I have a python code to implement in Spark, however I am unable to get the logic right for the RDD working to implement in Spark 1.1 version. This code is perfectly working in Python ,but I would like to implement in Spark with this code.
import lxml.etree
import csv
sc = SparkContext
data = sc.textFile("pain001.xml")
rdd = sc.parallelize(data)
# compile xpath selectors for ele ment text
selectors = ('GrpHdr/MsgId', 'GrpHdr/CreDtTm') # etc...
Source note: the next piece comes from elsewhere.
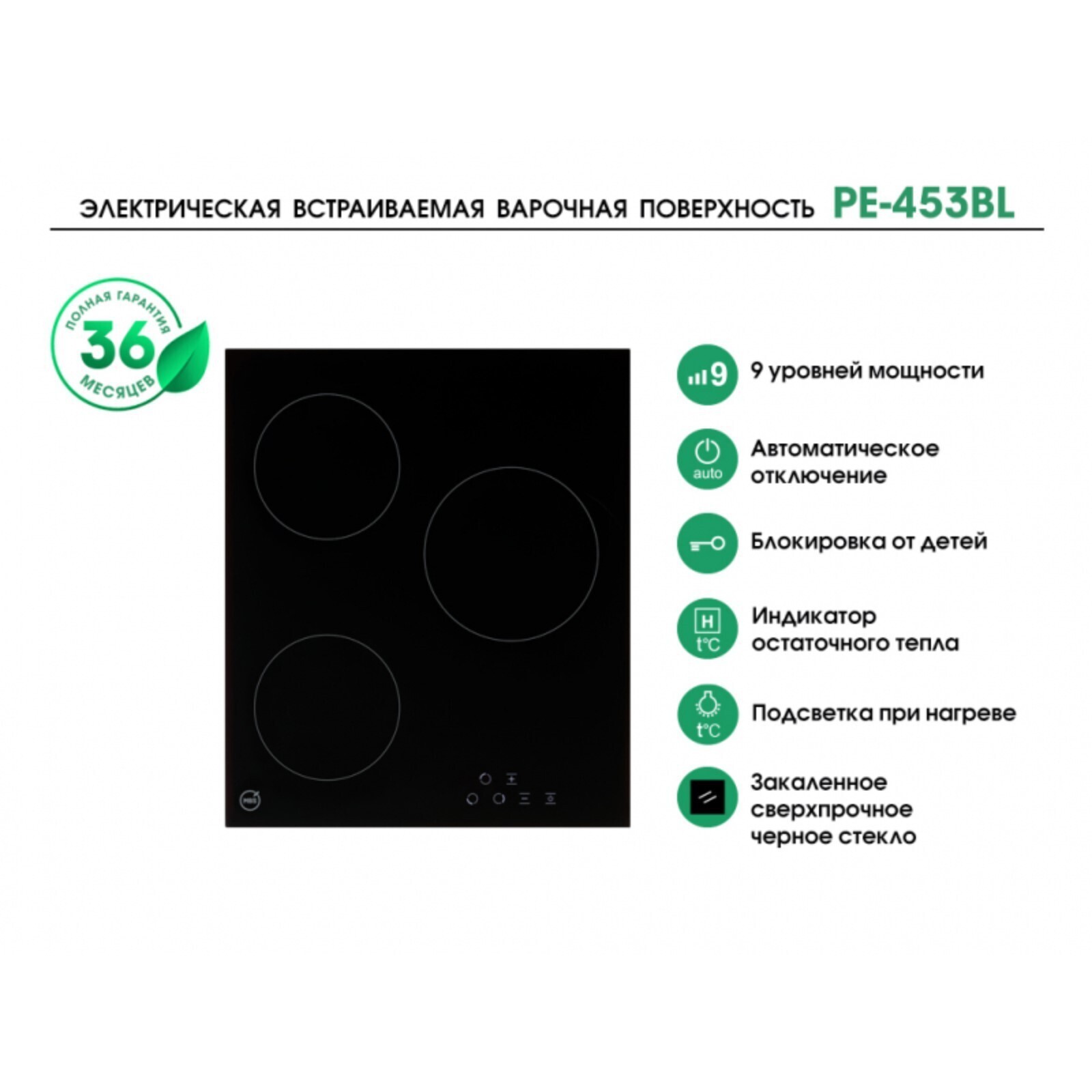 Варочная поверхность MBS PE-453BL, электрическая, 3 конфорки, сенсор, чёрная

xpath = [lxml.etree.XPath('{}/text()'.format(s)) for s in selectors]
# open result csv file
with open('pain.csv', 'w') as paincsv:
writer = csv.writer(paincsv)
# read file with 1 'CstmrCdtTrfInitn' record per line
with open(rdd) as painxml:
# process each record
for index, line in enumerate(painxml):
if not line.strip(): # allow empty lines
continue
try:
# each line is an xml doc
pain001 = lxml.etree.fromstring(line)
# move to the customer elem
elem = pain001.find('CstmrCdtTrfInitn')
# select each value and write to csv
writer.writerow([xp(elem)[0].strip() for xp in xpath])
except Exception, e:
# give a hint where things go bad
sys.stderr.write("Error line {}, {}".format(index, str(e)))
raise
I am getting error as RDD not iteratable
- I want to implement this code as a function and implement as a standalone program in Spark
- I would want the input file to be processed in HDFS as well as local mode in Spark with the python module.
Appreciate responses for the problem.